Title: Maximal Deviations of Incomplete U-statistics with Applications to Empirical Risk Sampling

Abstract: Through this talk, we will show how to extend the Empirical Risk Minimization (ERM) paradigm, from a practical perspective, to the situation where a natural estimate of the risk is of the form of a K-sample U-statistics, as it is the case in the K-partite ranking problem for instance. Indeed, the numerical computation of the empirical risk is hardly feasible if not infeasible, even for moderate samples sizes. Precisely, it involves averaging O(nd1 + ... + dK) terms, when considering a U-statistic of degrees (d1, ... , dK) based on samples of sizes proportional to n. We propose here to consider a drastically simpler Monte-Carlo version of the empirical risk based on O(n) terms solely, which can be viewed as an incomplete generalized U-statistic, and prove that, remarkably, the approximation stage does not damage the ERM procedure and yields a learning rate of order OP(1/sqrt(n)). Such results are of crucial importance in the "Big Data" era. Beyond a theoretical analysis guaranteeing the validity of this approach, numerical experiments are displayed for illustrative purpose.

lémence Magnien
Clémence Magnien
Université Pierre et Marie Curie, France

 

Title: The Importance of Nodes in Dynamic Networks

Abstract: The large body of works that has studied complex networks has reached a consensus on which statistics are relevant to describe a given network: degree distribution, clustering coefficient, community structure, etc. Different notions have been introduced to compute a node's centrality, i.e. its importance in the networks. One of the most used ones is the betweenness centrality, which quantifies on how many shortest paths this given node stands. However, in dynamic networks, i.e. networks whose nodes and links evolve with time, no consensus exists on how to evaluate a node's importance. We will present some possible solutions to evaluate it. We will study the case of an inter-person contact network. In such a network, people are given sensors that can communicate with each other wirelessly, e.g. by bluetooth or wifi. These sensors emit packets periodically, the reception of such a packet by another sensor indicating that the two corresponding persons are within communication range. Such networks are widely studied for the design of communication protocols.

Nikos Paragios
Nikos Paragios
Ecole Centrale de Paris, Ecole des Ponts-ParisTech and INRIA Saclay, France

 

Title: Graphical Models and Discrete Optimization on Big (Visual) Data

Abstract: Inverse modeling aims at recovering the set of parameters of a parametric model such that the resulting instance optimally explains the observations/measurements.
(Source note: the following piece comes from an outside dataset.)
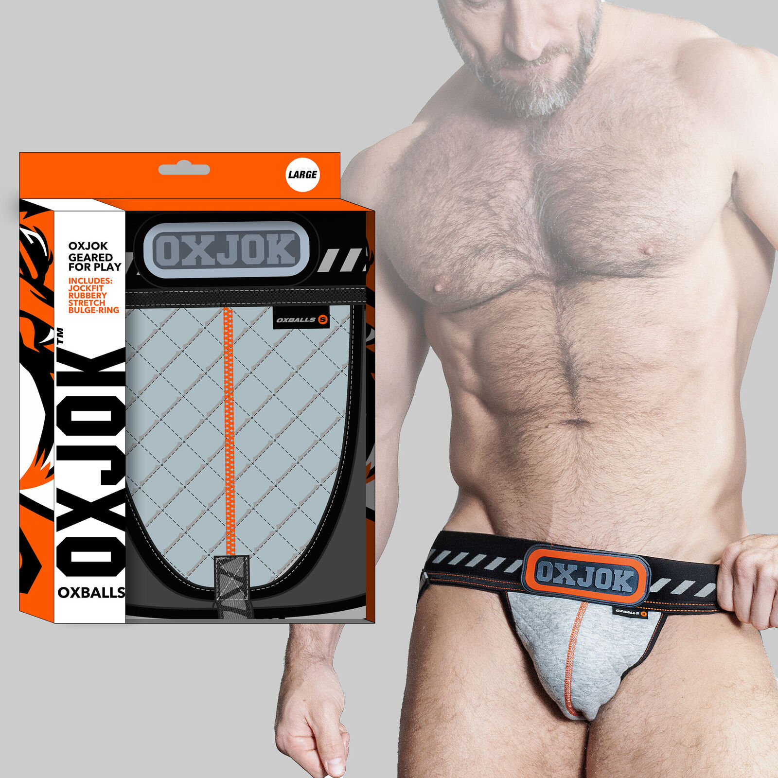 HAZZARD stripe waistband with the 3-D rubber OXJOK label up front and centre, 3-fold pouch edging for comfort and we embroidered “PACKER” on directly over your buttcrack on the waistband back for rear-view cockiness.

Such a formulation is often addressed as an optimization problem of an appropriately defined objective function that is in most of the cases is an ill-posed, highly non-linear and highly non-convex problem. In this seminar, we will investigate the use of graphical models (low and higher order rank) to address such inference and present efficient optimization algorithms that can produce either computational efficient near-optimal solutions or optimal ones through tight relaxations and dual decomposition when applied to colossal data involving models of massive complexity. The domain of computer vision/ medical imaging (segmentation/registration/matching and beyond) will be used to demonstrate the extreme potentials of such modeling and inference methods on big data.